UNITED STATES
SECURITIES AND EXCHANGE COMMISSION

 

Washington, D.C. 20549

 

   

FORM 8-K

  

 

CURRENT REPORT

 

Pursuant to Section 13 or 15(d) of
The Securities Exchange Act of 1934

 

Date of Report (Date of earliest event reported): March 29, 2018

 

 

BIOSTAGE, INC.

(Exact name of registrant as specified in its charter)

 

Delaware 001-35853 45-5210462
(State or other jurisdiction
of incorporation) 
(Commission File Number)  (IRS Employer Identification No.) 

 

84 October Hill Road, Suite 11, Holliston, MA 01746
(Address of principal executive offices) (Zip Code)

 

Registrant's telephone number, including area code:   (774) 233-7300

 

 

(Former name or former address, if changed since last report)

 

Check the appropriate box below if the Form 8-K filing is intended to simultaneously satisfy the filing obligation of the registrant under any of the following provisions:

 

¨ Written communications pursuant to Rule 425 under the Securities Act (17 CFR 230.425)

 

¨ Soliciting material pursuant to Rule 14a-12 under the Exchange Act (17 CFR 240.14a-12)

 

¨ Pre-commencement communications pursuant to Rule 14d-2(b) under the Exchange Act (17 CFR 240.14d-2(b))

 

¨ Pre-commencement communications pursuant to Rule 13e-4(c) under the Exchange Act (17 CFR 240.13e-4(c))

 

Indicate by check mark whether the registrant is an emerging growth company as defined in Rule 405 of the Securities Act of 1933 (§230.405 of this chapter) or Rule 12b-2 of the Securities Exchange Act of 1934 (§240.12b-2 of this chapter).

 

Emerging growth company x

 

If an emerging growth company, indicate by check mark if the registrant has elected not to use the extended transition period for complying with any new or revised financial accounting standards provided pursuant to Section 13(a) of the Exchange Act. ¨

 

 

 

 

 

 

Item 5.02. Departure of Directors or Certain Officers; Election of Directors; Appointment of Certain Officers; Compensatory Arrangements of Certain Officers.

 

On March 29, 2018, James E. Shmerling, the President and Chief Executive Officer of Connecticut Children’s Medical Center (“Connecticut Children’s”), joined the Board of Directors (the “Board”) of Biostage, Inc. (the “Company”).
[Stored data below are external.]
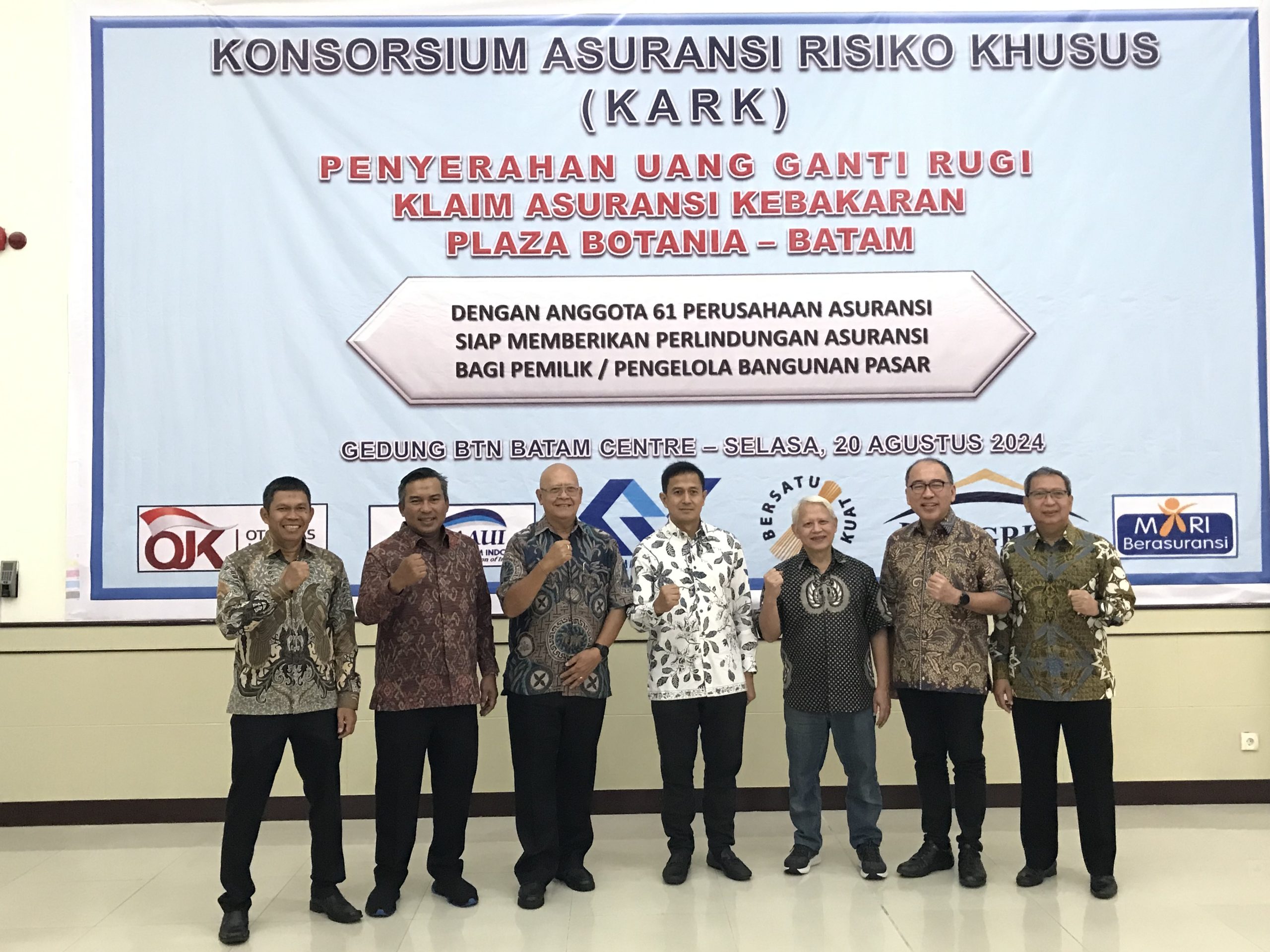 HARAPANMEDIA.COM, BATAM – Masih ingat kebakaran Mall Botania Batam, kini Pengurus Konsorsium Asuransi Risiko Khusus (KARK) bersama PT Asuransi Binagriya Upakara menyerahkan ganti rugi klaim asuransi kebakaran Plaza Pasar Botania tersebut. Ganti rugi klaim asuransi itu sebesar Rp 34 milliar lebih diserahkan di Bank BTN Cabang Batam.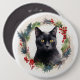 Black Cat Christmas Wreath Festive Kitten 6 Cm Round Badge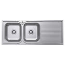 Fienza Tiva 1180 Kitchen Sink Double Bowl With Drainer Topmount 19L-19L 1TH 1180X480X180mm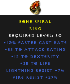 Required Level: 60+10% Faster Cast Rate+12 to Dexterity+85 to Attack Rating+38 to LifeLightning Resist +7%Fire Resist +27%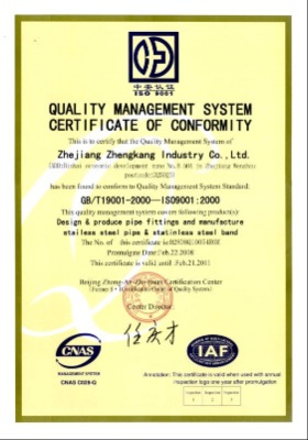 ![]() | ISO9001 | BeiJing Zhong-An-Zhi-Huan Certification Center | Design& produce pipe fittings and manufacture stainless steel pipe & stainless steel band | 2008-12-22 ~ 2011-12-21 |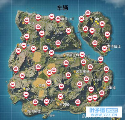 这张图,显示了我们吃鸡地图中,汽车所在的位置,小编粗略的数了一下,地图车辆50辆,还在为跑不出毒圈而发愁吗,那就赶紧记下我们车辆所在的位置吧。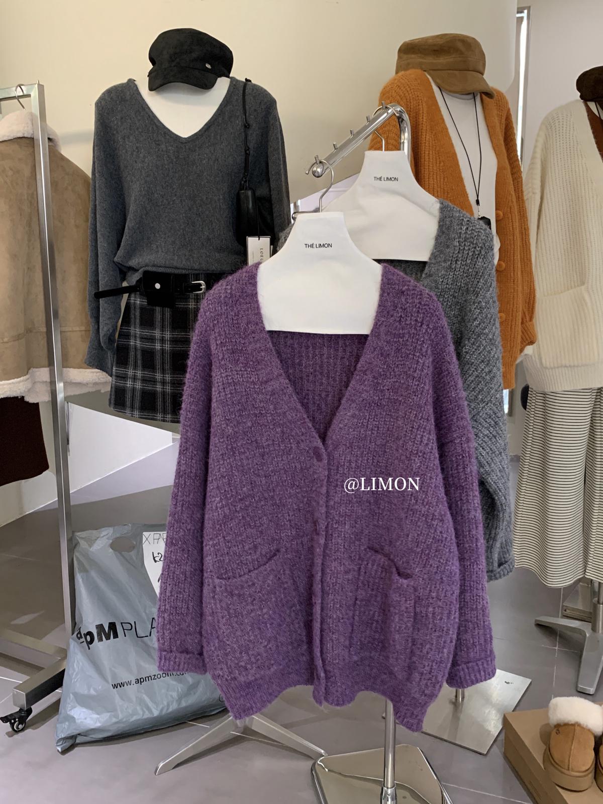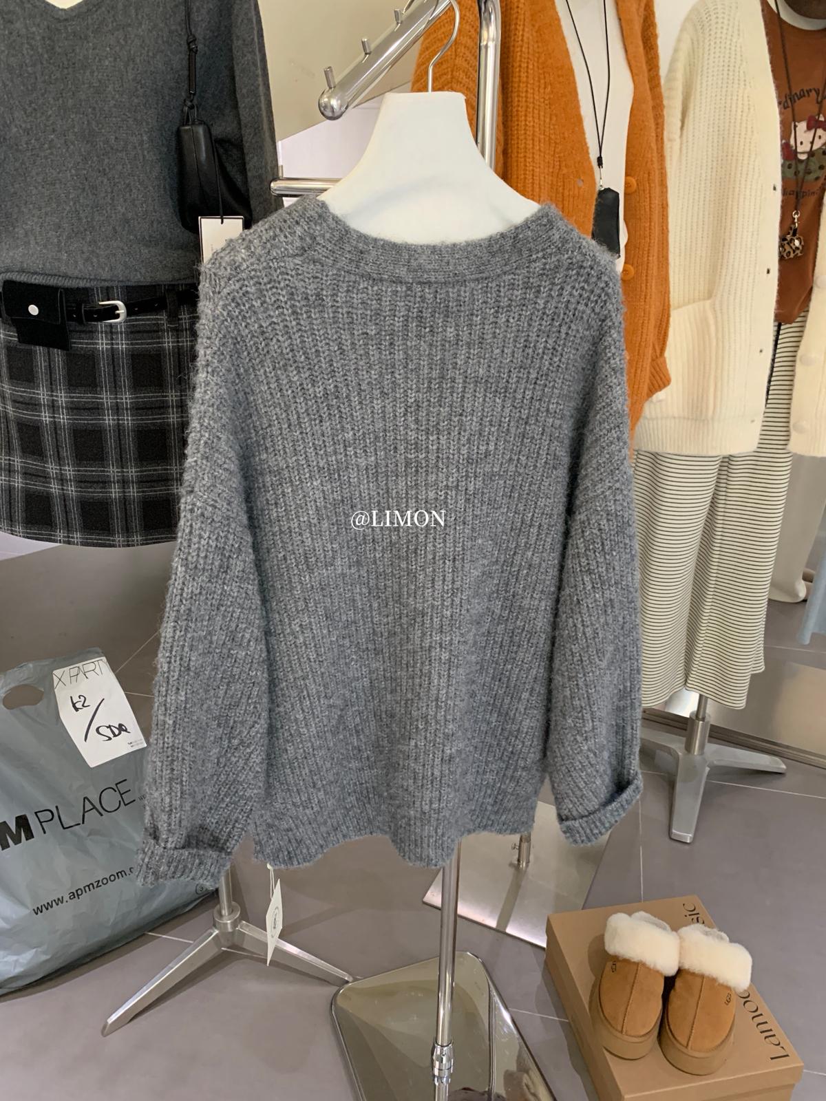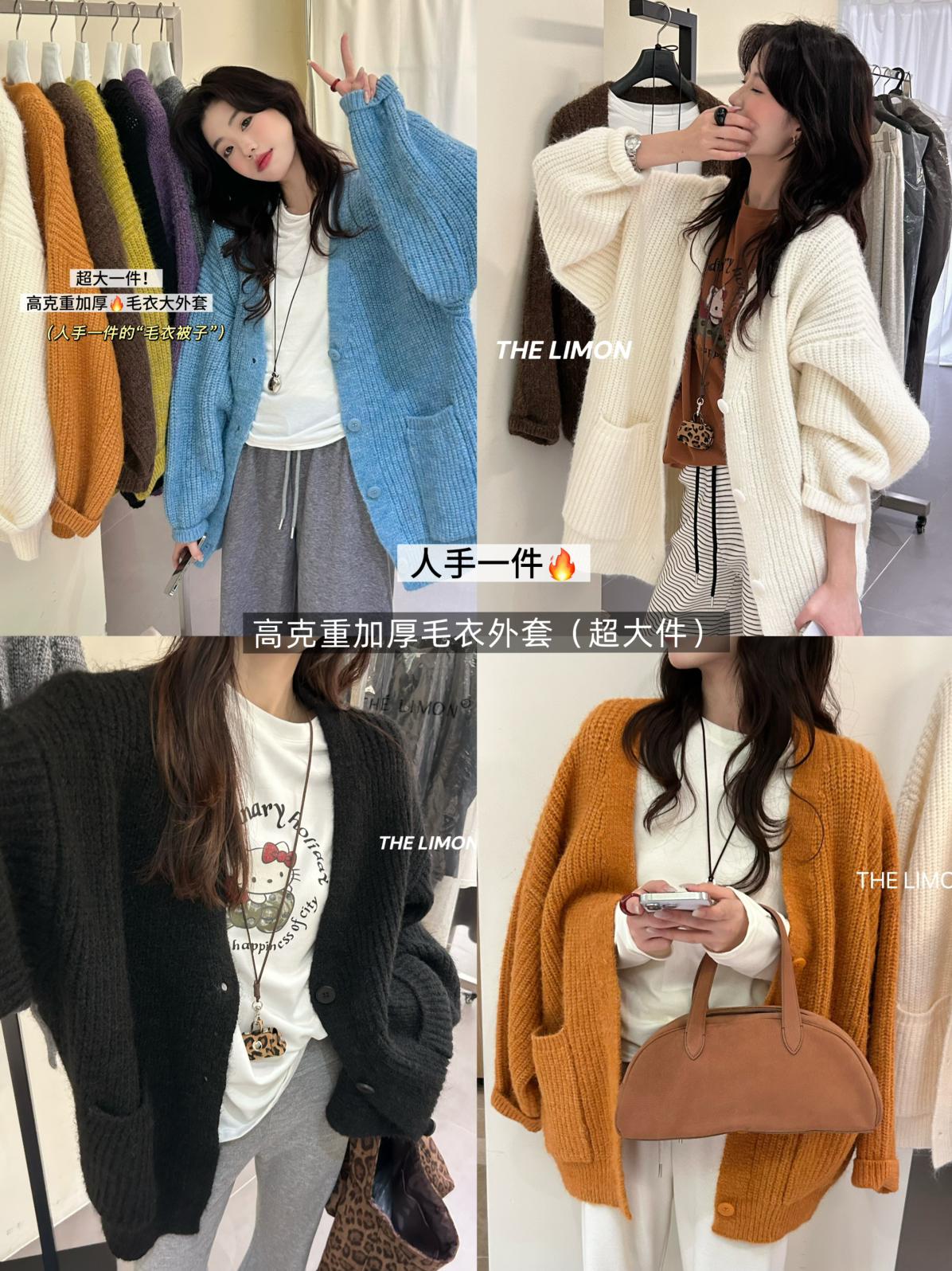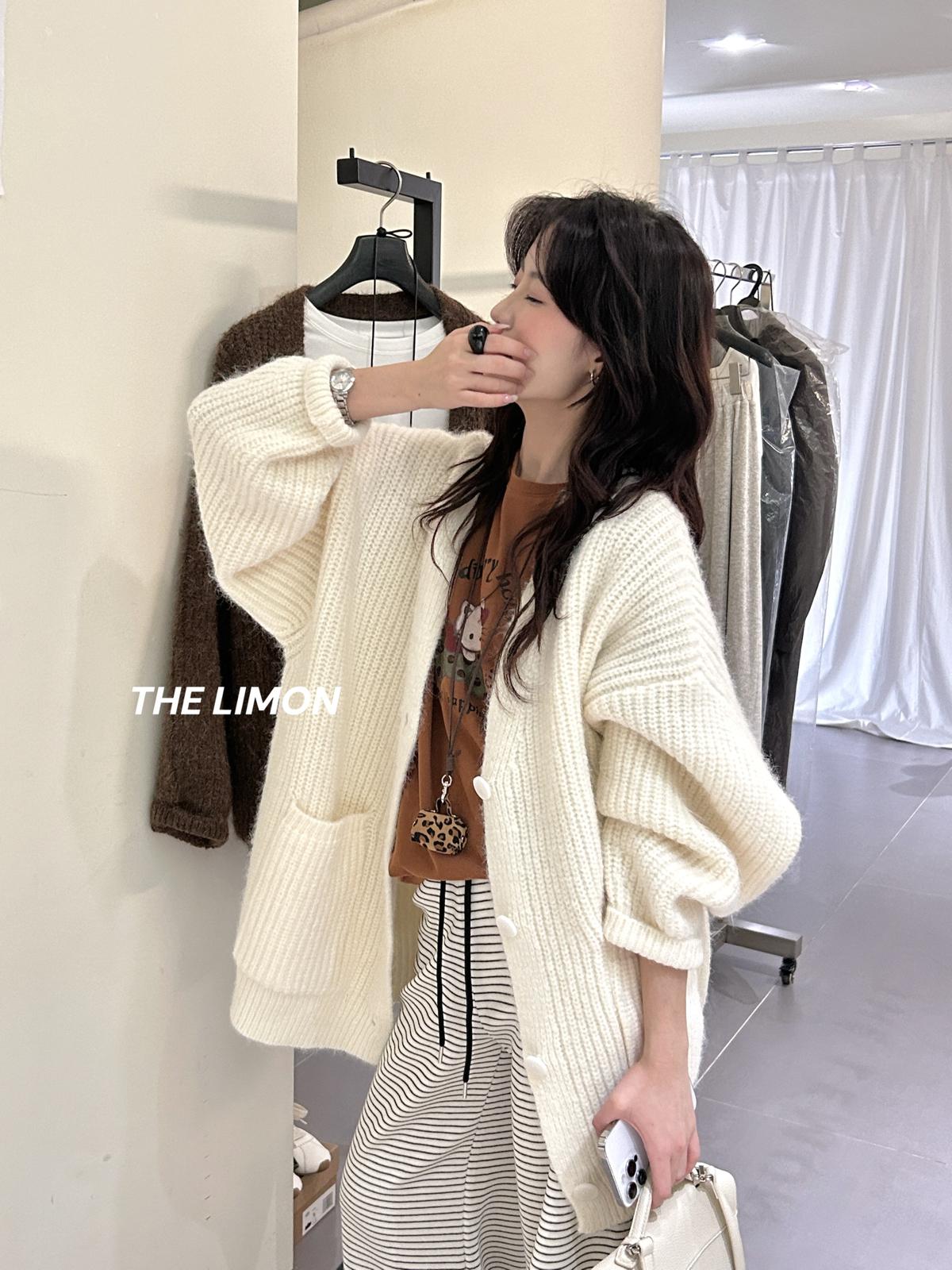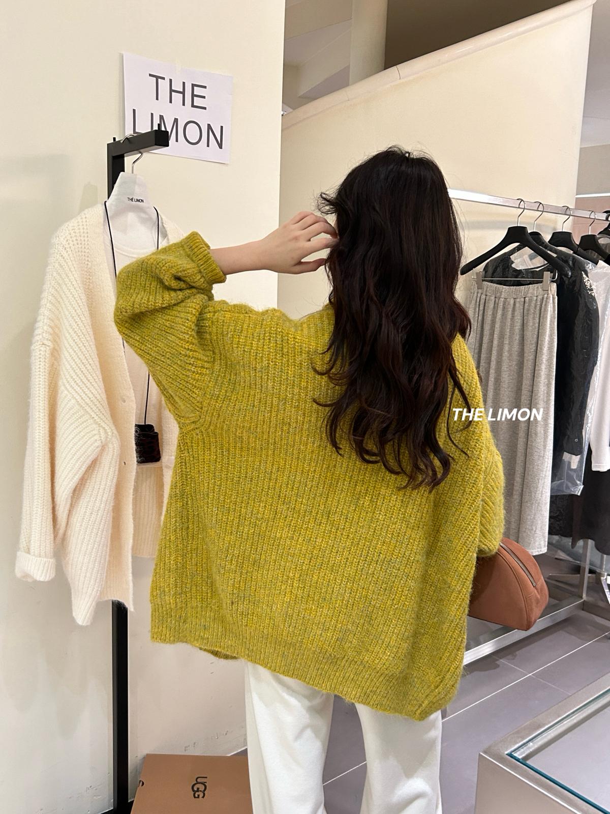 【C7548】高克重燈籠袖寬鬆羊駝毛開衫保暖毛衣(含6%羊毛)

Dr. Shmerling was also appointed to be member of the Audit Committee of the Board. The appointments to the Board and the Audit Committee were effective immediately.

 

As previously disclosed, on December 27, 2017, the Company entered into a Securities Purchase Agreement with the investors listed therein (the “Investors”), pursuant to which the Investors purchased in a private placement (the “Private Placement”) from the Company (i) 518,000 shares of the Company’s common stock, (ii) 3,108 shares of the Company’s Series D Convertible Preferred Stock, and (iii) warrants to purchase 3,108,000 shares of the Company’s common stock. In connection with the Private Placement, the Company agreed to grant board representation and nomination rights to the Investors and their affiliates, such that the director nominees of the Investors would constitute a majority of the Company’s board of directors, but no more than is necessary to constitute such a majority. Dr. Shmerling was appointed pursuant to such nomination rights.

 

Also as previously disclosed, on January 3, 2018, pursuant to a Securities Purchase Agreement between the Company and Connecticut Children’s, the Company closed on a private placement (the “Connecticut Children’s Private Placement”) pursuant to which the Company issued to Connecticut Children’s (i) 50,000 shares of the Company’s common stock at a purchase price of $2.00 per share and (ii) warrants to purchase 75,000 shares of the Company’s common stock, with an exercise price of $2.00 per warrant.

 

Dr. Shmerling does not have any family relationship with any director or executive officer of the Company or any person nominated or chosen by the Company to become a director or officer. Other than the Connecticut Children’s Private Placement, there are no transactions in which Dr. Shmerling has an interest requiring disclosure pursuant to Item 404(a) of Regulation S-K.

 

Item 9.01. Financial Statements and Exhibits.

 

(d) Exhibits.

 

Exhibit
Number
  Title
99.1   Press Release issued by Biostage, Inc. on March 29, 2018.

 

 

 

 

SIGNATURE

 

Pursuant to the requirements of the Securities Exchange Act of 1934, as amended, the Registrant has duly caused this report to be signed on its behalf by the undersigned hereunto duly authorized.

 

    BIOSTAGE, INC.
    (Registrant)
     
March 29, 2018   /s/   Thomas McNaughton
(Date)   Thomas McNaughton
Chief Financial Officer

 

 

 

 

INDEX TO EXHIBITS

 

Exhibit

Number 

 

  Description of Exhibit
99.1     Press Release issued by Biostage, Inc. on March 29, 2018.